It's a neat toy. I want one to play with in the back yard. But, it ain't a logical weapon. If you want to carry an extra weapon in CQB, get a pistol from your CQ. At least it'd be practical. There's a reason we stopped using swords and axes once the pistol was perfected. 
And this is coming from a man who owns several of each, and is trained in their use.


----------



## Britney Spears (3 Sep 2005)

BUT what if I could mount it on the end of my rifle? Surely according to some here that turns it into a CQB weapon extraoridinare, right?


----------



## Bomber (3 Sep 2005)

http://www.leevalley.com/wood/page.aspx?c=1&p=32016&cat=1,43456,43407

Dudes, this should be the issued multitool.  And only 9.50, what a great Christmas present.


----------



## paracowboy (3 Sep 2005)

Britney Spears said:
			
		

> BUT what if I could mount it on the end of my rifle? Surely according to some here that turns it into a CQB weapon extraoridinare, right?


hmmm, maybe some sort of hydraulic or pneumatic system?

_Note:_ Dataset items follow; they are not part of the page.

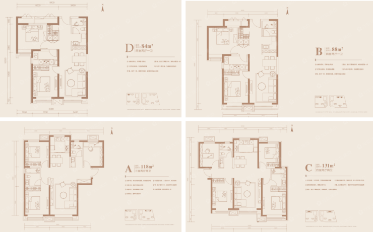项目3居54套,4居72套,2居506套,首期开盘去化率达50%,总层高 17-18层,户型由84平米-132平米两居至四居组成,能满足从刚需到改善的所有客群。3居4居目前剩余不多,仅有2套特价房;2居户型种类多数量多,南北通透,得房率74%-78%,有意者咨询可致电400-032-4608转383884。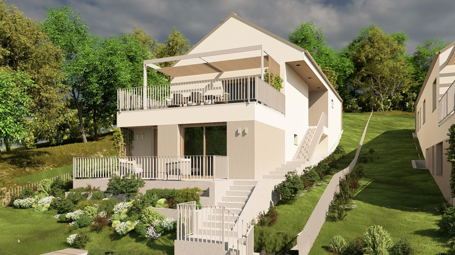 Vác melletti, csendes, nyugodt településen, Vácdukán, legelővel, dombokkal, erdővel határolt, örök panorámás utcában épülő, rendkívül alacsony rezsiből fenntartható ikerház, utcafronti, bruttó 96nm lakóterületű, három szoba, nappali, külön étkezőkonyhás lakása, 20nm-es garázzsal, 30nm-es terasszal, 600nm-es, elkerített, kizárólagos használatú telekkel eladó!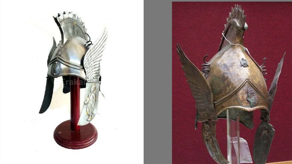 “Tall helms with red plumes”, “Where still he wore his crowned helm”, “round caps of steel were covered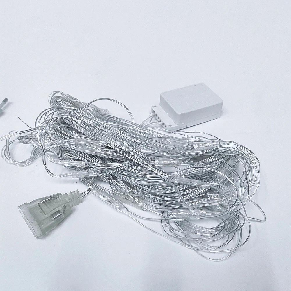 С RGB цветом, 72 светодиодный, размер 1,5x1,5 М. Форма сетки, прозрачная линия, подходит для штор и так далее. 8 модель
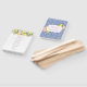 Combine your menu with a hand fan with this on-trend design featuring handpainted lemons and a blue and white vintage tile background.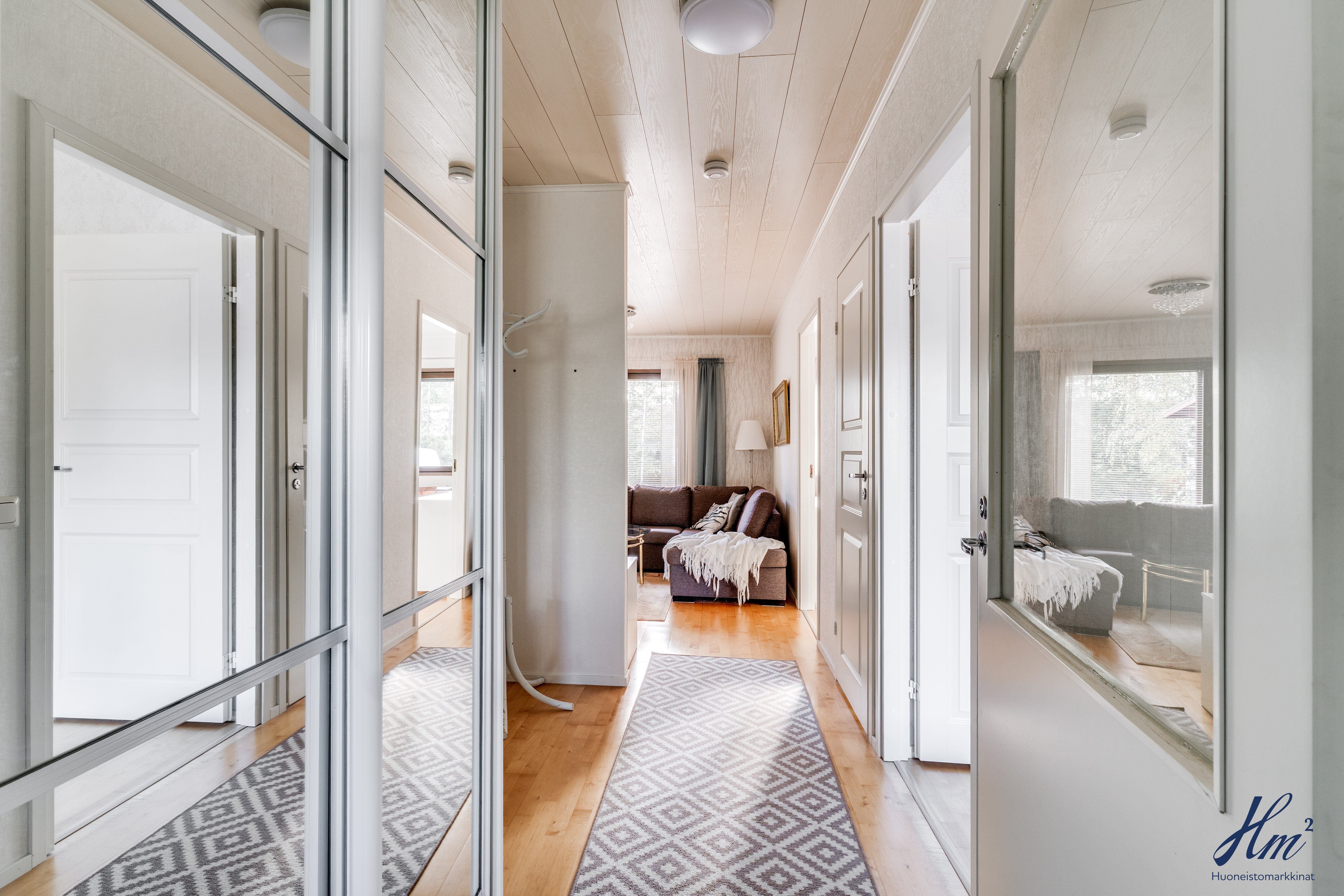 Talon yhteydessä on osin katettu iso terassi, joka kutsuu viettämään aikaa ulkona. Alueella on hyvät palvelut, kuten Auran yhtenäiskoulu ja keskustan palvelut, jotka tekevät arjesta sujuvaa.
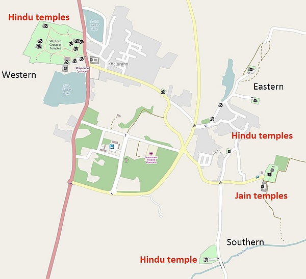 Западная группа состоит из 9 индуистских храмов и только 5 из них представляют наибольший интерес как для туристов, так и для специалистов. Четыре храма джайнов восточной группы исполнены не столь качественно и изысканно. На юге расположено несколько второстепенных храмов, которые посещают, преимущественно, туристы, интересующиеся историей. В целом из 22 храмов главной популярностью пользуются только 5 храмов из западной группы, ежегодно привлекающие тысячи туристов[6].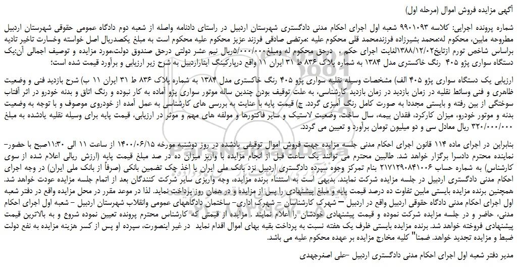 شماره پرونده اجرایی: کلاسه 9901093 شعبه اول اجرای احکام مدنی دادگستری شهرستان اردبیل در راستای دادنامه واصله از شعبه دوم دادگاه عمومی حقوقی شهرستان اردبیل مطروحه مابین، محکوم له:محمد بشیرزاده فرزندمحمد قلی محکوم علیه :مرتضی صادقی فرزند عزیز محکوم علیه محکوم است به مبلغ یکصدریال اصل خواسته وخسارت تاخیر تادیه براساس شاخص تورم ازتایخ1388/12/02لغایت اجرای حکم ، درحق محکوم له ومبلغ5/000/000ریال نیم عشر دولتی درحق صندوق دولت،مورد مزایده و توصیف اجمالی آن:یک دستگاه سواری پژو 405 رنگ خاکستری مدل 1384 به شماره پلاک 836 ط 31 ایران 11 واقع درپارکینگ ایثاراردبیل به شرح زیر ارزیابی و برآورد قیمت شده است؛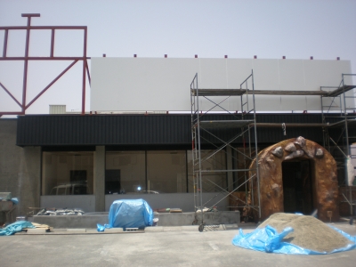 1. 店舗を大きく見せ、店舗誘導を促す為、メインサインを大きく設置。屋根上に大きく設置することで、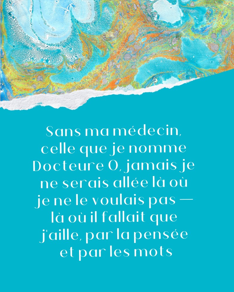 Pour m’endormir, adolescente, je déshabillais mentalement mon âme, os par os, comme les pelures d’une orange, et arrivée aux vertèbres il fallait tirer plus fort, les arracher. Je n’avais plus de dos. J’étais libre, au seuil du sommeil. Une pensée soudain me réveillait : sans colonne ni cage thoracique ni muscles ni rien, existais-je encore? Où se trouvait donc ce que j’appelle « moi »?

We could mount them on the Garbage-wagon's hubcaps, along the tops of the Hesco Bastion, maybe rig up little RC cars with 'em...dude the possibilities are freakin' endless!


----------



## Fishbone Jones (3 Sep 2005)

We could do BattleBots!!!


----------



## TCBF (3 Sep 2005)

"Dudes, this should be the issued multitool."

-Come to think of it, that boxtool sums up my construction career: a hammer for building something wrong, a crowbar for taking it apart after I realized I built it wrong, and a hatchet for making kindling for the wood stove out of what was left of the store bought lumber I ruined after my angry use of the crowbar - see above.

-Lee Valley, eh?  One in Edmonton, I think I will go and visit.  My 11 year old son got to practice axe throwing at "Old Fort William" this summer.

Tom


----------



## kyleg (4 Sep 2005)

gate_guard said:
			
		

> ...someone needs a psych assessment... :



Lol, come on, it was a joke!


----------



## Ex-Dragoon (4 Sep 2005)

Pte.Pinky said:
			
		

> Lol, come on, it was a joke!



One in poor taste....Hello.....Earth to Pte Pinky.....do you understand how much the CF is under the microscope??? With comments like your it only hurts our image.


----------



## kyleg (5 Sep 2005)

You are completely right, I hadn't considered that at all. My apologies :-\


----------



## Blackhorse7 (5 Sep 2005)

Would NEVER happen (sic), But I would love to see the look on a"client's" face when I came busting through the door wielding one of those...  Depends come to mind...   >


----------



## Blackhorse7 (6 Sep 2005)

And P.S. - 

Not knocking those in the current know for CQB, but the only useless weapon in CQB is one that is not used.  And a lot of pics coming out of Iraq have guys sporting variations of Tomahawks.  Can't imagine a more fear inviting weapon at this point....


----------



## paracowboy (6 Sep 2005)

Blackhorse7 said:
			
		

> Can't imagine a more fear inviting weapon at this point....


 strictly fear-inducing? Big knife. Really big knife with a shiny blade. Stainless steel sword. Hits 90% of humanity in the gut. All kinds of phobias come to the surface when facing a blade. 'Course, the problem is teaching troops how to use a big bladed knife without stabbing themselves or their buddy.  : The horror.


----------



## Kat Stevens (6 Sep 2005)

<-----------------  Eyes left, my new toy, good for pucker factor at 20 paces.  ;D


----------



## Mojo Magnum (6 Sep 2005)

nice thread,
I'm still trying to figure out how to get the bullets in the hatchet though ;D


----------